Так вот и шли в поселок после турнира: впереди Васька, вздымая руки, испачканные рыбьей чешуей, а потом и все мы.
—Куда тебя доставить? — спросил я Кулака, когда мы подошли к окраине. — В школу к директору или к бате под ремень?
Васька захныкал:
— Никуда не надо, ребята. Я больше не буду... А проклятую рыбу эту чтоб я сто лет не видал.
— Рыба не виновата, — оборвал его Сервер. — Сам жадный.
— Отпустите, ребята! — снова заканючил Кулак. — А я за это одну важную вещь скажу,
— Это какую же?
—Да номер машины.
— Запомнил, что ли? — ахнул я.
—А я и не запоминал. Просто заметил, что 13—30. Ровно — сколько мне лет и сколько человек у нас в классе...
С той поры Кулак почти позабыл про свои распроклятые щелбаны. Да и Кулаком-то мы его теперь зовем лишь по привычке — разве забудешь, как он озерко наше предал? Только вот что я заметил: позора своего он нам же простить не может. Оттого и злой ходит. А кто ему виноват? Сам Кулачишко и виноват... Кулачо-нок... Кулачусенький...
Ну, а насчет браконьеров — мы здорово в тот раз просчитались, когда думали, что поймать их — дело двух дней. Прошло немало времени, прежде чем мы снова напали на их след. Да и нашли то их, честно говоря, не совсем мы. Но это уже другая история.
— Володька, в кино пойдешь? — Это Айгуль, сестра моя, студентка.
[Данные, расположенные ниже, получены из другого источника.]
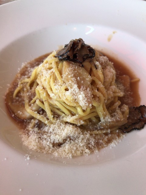 パスタは、ポルチーニとトリュフの香るタリオリー二

—Не-а! — отвечаю. Я, кажется, догадываюсь, почему она прямо-таки взашей прогоняет меня в кино. — И чего ты сегодня такая добренькая? Подозрительно...
— Ну пойди, Володь! Я тебе денег дам — и на билет, и на мороженое. А хочешь, и Сервера возьми,— уговаривает сестра.
— Не могу — послезавтра выборы отцов отряда.
— Кого-кого? — удивленно переспрашивает сестра.
— Отцов... Могу объяснить и популярно — совет отряда будем выбирать. Видишь — объявление о сборе писать собираюсь. Да и стенгазету надо сделать.
И я стал раскладывать на полу листы ватмана — я всегда рисую, устроившись на полу. Зазвонил телефон. Айгуль сняла трубку и защебетала, прикрывая рот ладошкой. Но я все равно слышал ее пугливый щебет.
—В семь приходи... Будут... И папа будет,
— Алишер, что ли? — спросил я, не поднимая головы. — Жених беспокоит?
— Не твое дело! — огрызнулась Айгуль. — И не подслушивай чужие разговоры.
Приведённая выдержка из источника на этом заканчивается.